Multithreaded network file server
Academic project
November - December 2023
Implemented an ACID compliant network file server using
C++ and the
Boost libraries for regex, thread, and reader-writer lock functionality.
The file server can be run on any Unix machine, utilizes BSD sockets for interprocess communication,
and has several design considerations for fault tolerance.
CNN forwarding layers optimized w/ Nvidia GPUs
Academic project
November 2023
Given a pretrained convolutional neural network written in CUDA
for classifying MNIST-Fashion clothing images into one of several discrete bins, I optimized the provided forwarding kernel
(it comprised 98.95% of total execution time) by utilizing several GPU optimization techniques. These included placing constant
filter values into the GPUs constant memory (which has orders of magnitude less access cycles), rewriting memory access patterns
such that they were coalesced and minimized memory bank conflicts, unrolling loops, and rewriting the algorithm to leverage
the massive parallel compute capability of the Tesla V100 datacenter GPU I worked with. In fact, I was able to parallelize
the work for a batch of 10,000 images, the subsequent iterations over all output feature maps, and the iterations over each
individual pixel.
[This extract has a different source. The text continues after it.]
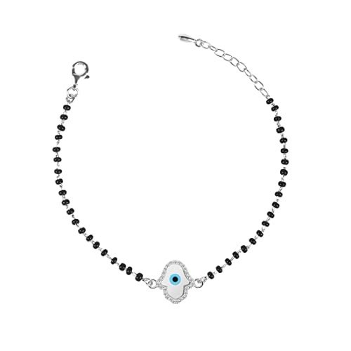 Clara 925 Sterling Silver Evil Eye Hamsa Hand Hand Mangalsutra Bracelet | Black Beads, Rhodium Plated | Gift for Wife For Women – Fast Shipping to USA & Canada
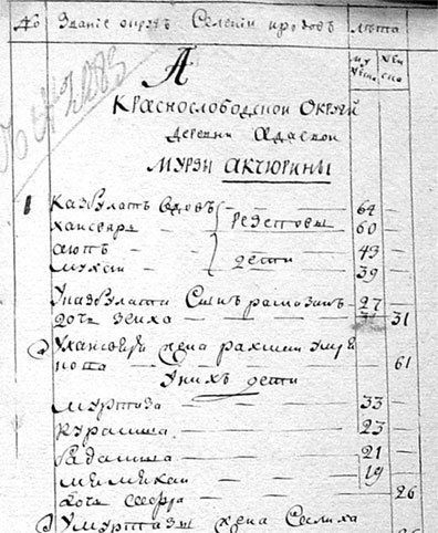 Имеются в архивных документах фамилии татарских мурз Бегиша Мещерова и его потомков «Абушая Умрякова с прочими» и Исляма Курмашева, потомков мурзы Ислама Исламова из татарской д. Адаевой Краснослободской округи. В том документе-ведомости «Делам татарских мурз и князей доказательства благородства, вступившим 1787 г.» в Пензенское дворянское депутатское собрание имеется запись в прошении «о благородственном происхождении рода» от Мухая Мустаева «с протчими», потомков мурзы князя Адаша и сына его Акчуры: «Грамоту, данную 7017 г. (1509 г.) о пожалованном Акчуре мурзе Адашева сына княжение над конялской мордвою 7083 г[73]. Изекея мурзы Булушева сына Акчурина жалован за неизменную службу ясаком над мордвою 7193 года, …детям князя Акчуриных…» (ГАПО, ф. 196, оп. 1, д. 20)[74].

In summary, although the theoretical amount of calculations did not change in any of the kernel invocations,
it was rewritten in such a way that the V100 scheduled as much work as possible across its 80 streaming multiprocessors. The final
kernel ran in 0.17s across both passes, whereas the original implementation took 13.78s in total (~81x speedup).
Unix virtual memory pager
Academic project
September - October 2023
Implemented a simulator of the pager portion of a Unix operating system used to manage application
processes' virtual address space. The pager was written in C++ and
implemented system calls like the Unix fork() which are used
to create, copy, destroy address spaces, allocate more space in existing ones, and switch between address
spaces.
Unix thread library
Academic project
September 2023
Implemented a POSIX-like thread library in C++, enabling thread
creation, synchronization, and context switching on multicore machines. I managed threads using custom thread control blocks
(TCBs) and preemptive scheduling with interrupt safety.